Чего уж злиться на Алфёрку? Ну, повезло ему. Гилёвы на Чусовой были семьёй сплавщиков многочисленной и уважаемой. Подлости за ними не водилось, и свою дань мертвецами они заплатили Чусовой сполна. Ниже Сулёма на Чусовой даже стоит боец, прозванный Гилёвским: здесь лет двадцать назад за три года утонуло три сплавщика из Гилёвых. Алфёрка в свою породу пошёл: все Гилёвы коренастые, короткие, какие-то круглые. Алфёр Осташе по годам примерно ровней приходился, разве чуток постарше, но выглядел совсем как подросток. Держался он с ранней мужицкой солидностью, не напускной, а семейной. Гилёвы все такие были, но у Алфёрки выходило как-то потешно. Осташа усмехался и поглядывал через плечо на то, как Алфёр командует, стоя на скамейке, как он всматривается в реку и морщит чистый мальчишечий лобик.
И всё же межеумок оставался межеумком, а не огромной баркой. На барке у одной потеси стоят по десять бурлаков, а тут на всё судно вместе со сплавщиком было только девять человек. Правой гребью работал здоровенный парняга из Ревды, Осип. Оська только ломался возрастом на мужика, а потому всё время сердито молчал, боясь своего надтреснутого баска. На пристани его провожала матушка, совала ему узелок, а он отворачивался, прятался. На борт поднялся весь красный, бросил узелок на тюки под навесом и сразу вцепился в гребь. Судя по силище, выйдет из него года через три знатный подгу́бщик.
Узелок заботливо прибрала молодая беременная баба, стоявшая на греби рядом с Оськой. Баба была из мелких, а живот её под сарафаном так знакомо круглился, что только дурак бы не догадался: баба – жена Алфёрки Гилёва. Алфёрка на бабу не глядел. На левой кормовой греби работала другая баба, высокая, плоская и широкая. Эта, видать, была заводская, изро́бленная. В груди у неё хрипело, а на сером лице горел ядовитый румянец. Рядом с чахоточной Алфёр поставил мужичонку из проштрафившихся конторских. Конторский был в драном сюртуке на голое тело и с бабьим платком поперёк плеши. Он тихо стонал и охал, косился на Федьку: вчера вместе плотинного спаивали, а сегодня опохмелки нет. Третьим из Федькиных кабацких подручников был Платоха Мезенцев, старый бурлак. Федька прокутил деньги, положенные на Платохинова напарника, и сейчас Платоха грёб один, только дико таращил глаза, будто ни за что в пекло попал.

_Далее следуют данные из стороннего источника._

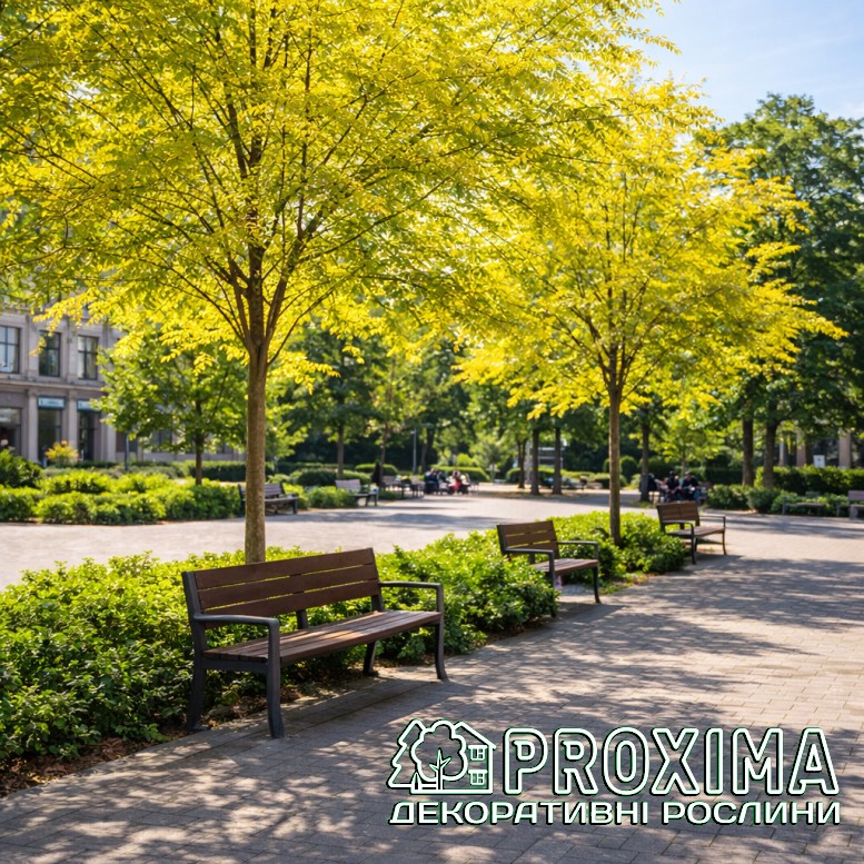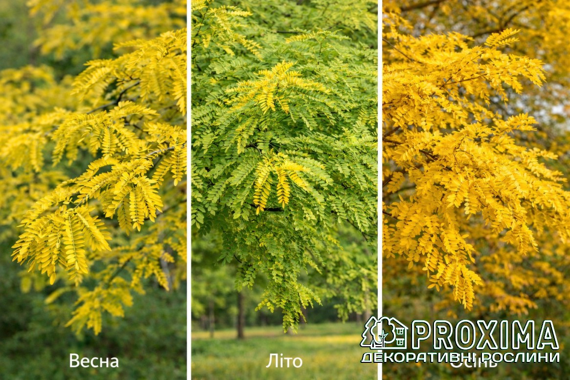 Купити Гледичію колючу Санберст в Києві за низькими цінами можна в розсаднику рослин PROXIMA - найбільшої колекції декоративних рослин для українського клімату.

Осташе в напарницы пришлась резвая бабёшка Фиска из Северки. Фиска второй год жила соломенной вдовой от мужа с забритым лбом, и жизнь её, похоже, катилась колесом по кочкам. Под Фискиным задорным глазом темнел свежий синяк.
– Ох, люблю раскольничков, молодых-холостых-неженатых! – приговаривала Фиска, подмигивая Осташе подбитым глазом. – Ох, повезло мне с соседушкой, по стати вижу: мужичок, всё торчок! Ну, Осташка, не дай промашку! Любо, вижу, тебе с бабицей-то туда-сюда гребло толкать?
Осташа не отвечал, но ему постыдно нравились Фискины срамные намёки. От Фиски уже с утра пахло водкой, и потому для Осташи она была как бы дозволенной бабой: всё равно добро пропадает. Осташа мельком, но цепко осмотрел её: и на рожу хороша, пусть и с припечаткой, и груди под сарафаном колышутся, как тугое коровье вымя, и крепкий зад растягивает подол – того гляди, треснет. От Фиски так и тянуло ласковым паскудством, в котором Осташа поскользнулся, но не спешил выправляться: что с гнильцой, то сладенькое.
– Двугривенным-то тебя свёкор одарил? – с усмешкой спросил он. – Щербатая деньга к прибытку?
– А-а!.. – Фиска махнула рукой и звонко рассмеялась, словно горох просыпала. – Свёкор у меня давно на коку́е под голбцом червей кормит. Сирота я, сирота горемычная, никто не приласкает, по голове не погладит! Выискался тут один молодец с красных крылец, на миру песни пел, на юру дрыном поддел… Пожалел бы ты меня, раскольничек, нету мне любви на этом свете! Ничего мне не надо, кроме слова ласкового, прибегу – только свистни!
– Свистеть на судне – к беде, – буркнул Осташа, заметив, как укоризненно глянула на него беременная жена Алфёра.
Ревдинская вода растеклась по Чусовой вёрст на двадцать и бодро проносила суда над отмелями и огрудками. Алфёр командовал толково. Сам Осташа шёл бы не так, но и Алфёр умело огибал донные валуны и стороной обходил скалы. Только пару раз межеумок громыхнул днищем на каменистых ершах.
На длинном плёсе вдоль Магнитных горок, сплошь издырявленных копями, Алфёрова жена обнесла бурлаков сухарями. Бурлакам купец Сысолятин всегда нравился за то, что на своих судах кормил работников за свой кошт. Опустив глаза, Алфёрова жена протянула Осташе раскрытый мешочек и тихо сказала:
– Кушайте, Остафий Петрович.
«Выходит, Алфёр узнал меня», – подумал Осташа, обмакивая сухарь в воду за бортом.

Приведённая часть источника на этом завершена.